Посредь двора стояла телега, увязанная кладью. Из сарая вышел Мишка с ведерком дегтя. Увидев дядю в калитке, заулыбался, крикнул на залаявшую собаку.
— Когда едете? — спросил Иванов, подходя.
— Барин с Кочетком да с Петром давеча уехали, а нам с Ильей Егорычем велено нонче под вечер трогаться.
— А где ж Илья?
— В кабакё душу отводит, пока справляюсь, ему постелю готовлю, — Мишка, улыбаясь, показал на задок телеги, не занятый кладью и выстланный сеном. — А вы когда ж к нам будете?
— Пойдем-ка, потолкуем…
Они зашли в сарай и сели на то же бревнышко.
— Я проститься, Мишута, пришел, не бывать мне нонче в Козловке, — сказал Иванов, обняв племянника за плечи.
— Что Жбу не пущают? — Лицо Мишки вытянулось.

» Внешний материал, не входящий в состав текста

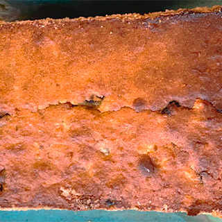 Coloque la mezcla en el molde previamente engrasado, golpee ligeramente el molde sobre una superficie firme para eliminar burbujas de la mezcla.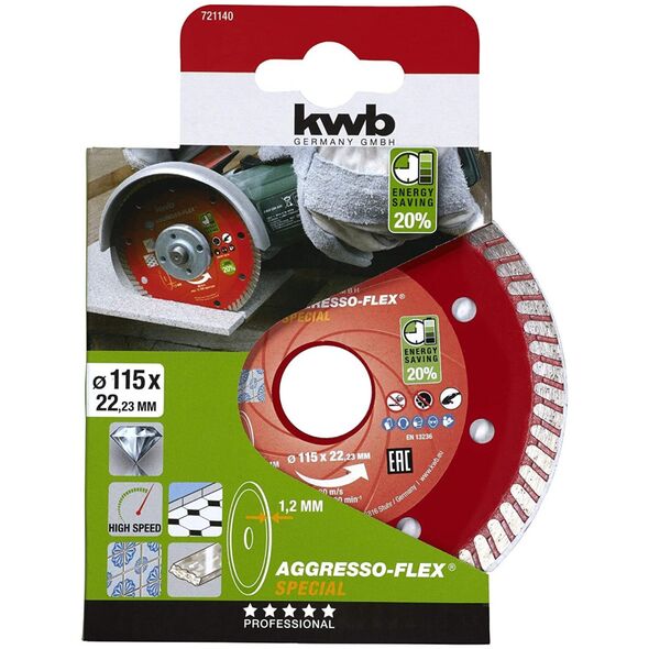 kwb 721140. Μοντέλο: Δίσκος κοπής, Κατάλληλο για υλικά: Πέτρα, Συμβατότητα μάρκας: Οποιαδήποτε μάρκα. Βάρος συμπεριλαμβανομένης της συσκευασίας: 80 g, Βάθος συσκευασίας: 115 mm, Πλάτος συσκευασίας: 155 mm. Ποσότητα ανά συσκευασία: 1 τεμ.

— Обратно другой дорогой едем. Авось будущий год доведется. Ты, пожалуй, и не сказывай, что побывать думал. Чего стариков зря буторить.
— Да ведь барин намелет…
— Пусть думают, что спьяну брешет, раз я такого не говорил. А теперь слушай. — Иванов понизил голос: — Исполнить надобно свято и с умом.
— Говорите, дяденька, все сделаю. Да пойдемте на огород, все стен кругом не будет, — предложил Мишка.

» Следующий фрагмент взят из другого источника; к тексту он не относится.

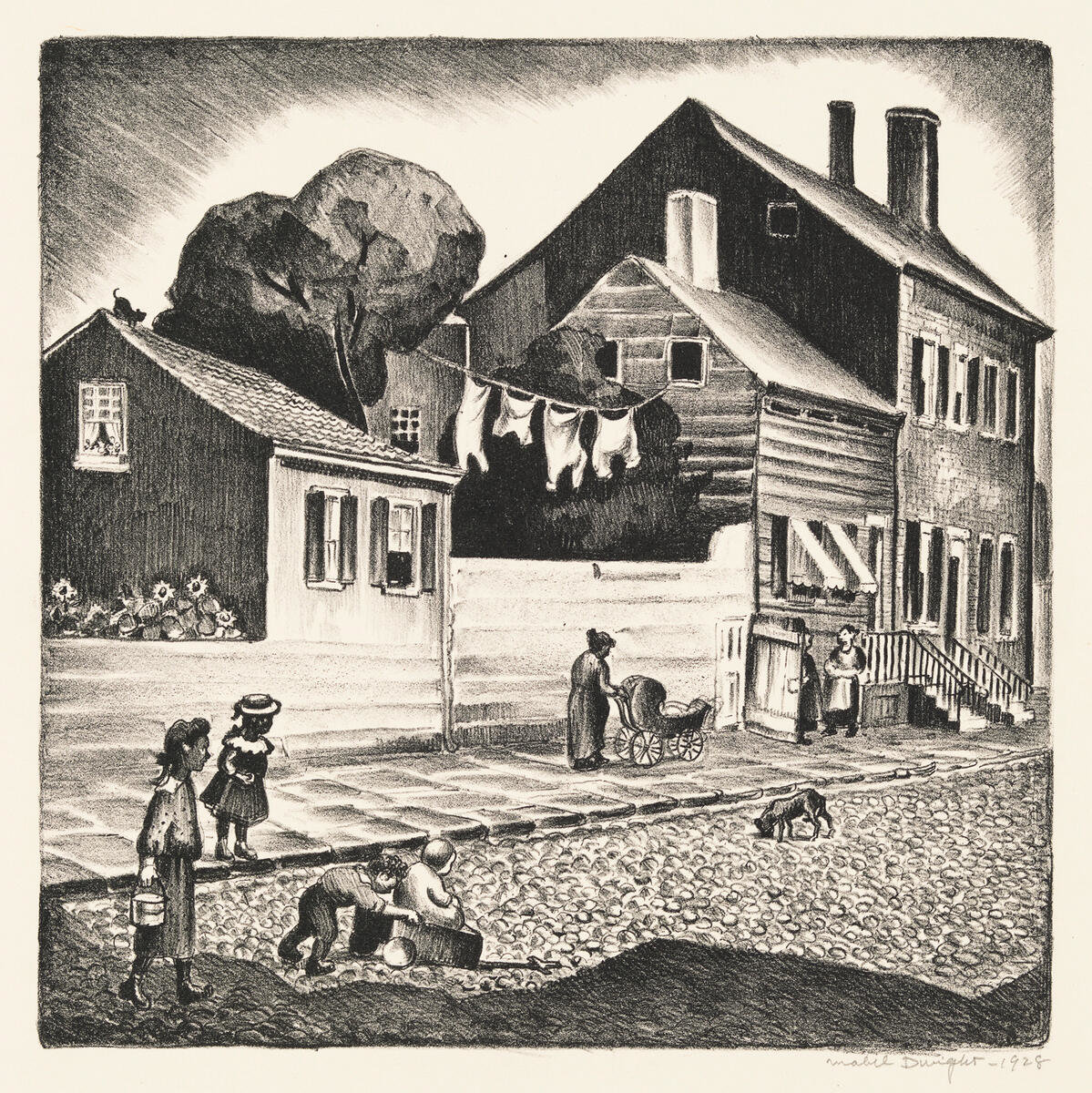Mabel Dwight (1876–1955) wrote that keeping “a cool head and a warm heart” was essential to making art that would be a “living influence on the world.” Dwight came to New York at the turn of the century as an illustrator and later fell in with the downtown artists who frequented the Whitney Studio Club, a precursor to the Museum. She ultimately found her voice in the swooping lines and seamless gradients of lithography. This democratic print medium became her primary vehicle for portraying her constant subject: the people and places of New York.

— Ай, молодец, — сказал ефрейтор.
Они пошли за сарай в сад и сели под яблоней в еще некошенную траву. Иванов передал племяннику узелок.
— Деду гостинцы отдашь, пусть кого хочет дарит. — Он достал из кармана табакерку: — Барину от меня пусть поклонится. Может, к вам подобреет. А спросит, откуда такую взяли, то принес, мол, дядя, как вы уж уехали, хотел было сам поднесть. Понял? Да не оброни, за нее пять рублей плочено.
Мишка заохал:
— Нам бы лучше те деньги в хозяйство. Барин все равно спьяна потеряет… — Но спохватился и, пряча подарок за пазуху, пообещал: — Все передам, не сумневайтесь.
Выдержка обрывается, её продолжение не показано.